─── GIVEN MATERIAL ───

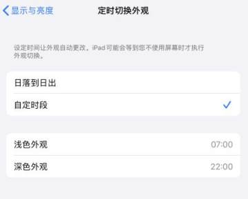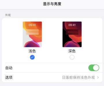 若有需要,可以开启自动模式,然后设置“日落前保持浅色外观”或自定义时间。
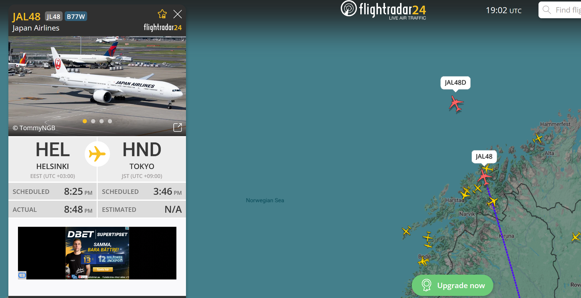 Ursäkta men förstår inte vad du menar? JAL flyger HEL-HND och FIN flyger HEL-HND/NRT?Japan Airlines kör med två st 777-300 från HEL till HND nu. Antar F-kabin finns på båda. Samtidigt tycks bara Finnair "våga" flyga rakt över nordpolen till HND och NRT.
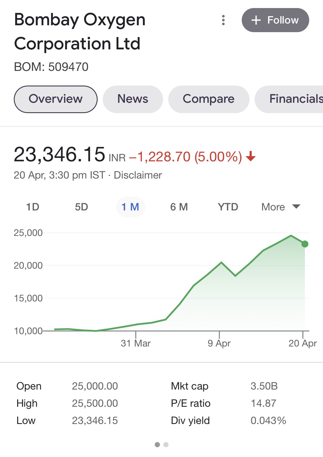 Parveen Kaswan On Twitter Imagine The Level Of Reading We Do The Share Price Of Bombay Oxygen Corporation Ltd Doubled In Just One Month Twist Is It Doesn T Sell Oxygen But Who Will Do The Basic Research Https T Co Tjtrk6zs9b
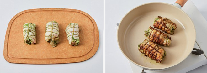 ④ 중간 불로 달군 팬에 식용유를 두르고, 돌돌 만 닭다릿살을 넣어 5분간 튀기듯 굽는다.

───

### TASK OBJECTIVE
Write out an exact copy of the lines beginning at the line that contains "Parveen Kaswan On" and ending at the last line of the listing. Exclude pictures.

### SOLUTION FOR THIS PROBLEM
 Parveen Kaswan On Twitter Imagine The Level Of Reading We Do The Share Price Of Bombay Oxygen Corporation Ltd Doubled In Just One Month Twist Is It Doesn T Sell Oxygen But Who Will Do The Basic Research Https T Co Tjtrk6zs9b
 ④ 중간 불로 달군 팬에 식용유를 두르고, 돌돌 만 닭다릿살을 넣어 5분간 튀기듯 굽는다.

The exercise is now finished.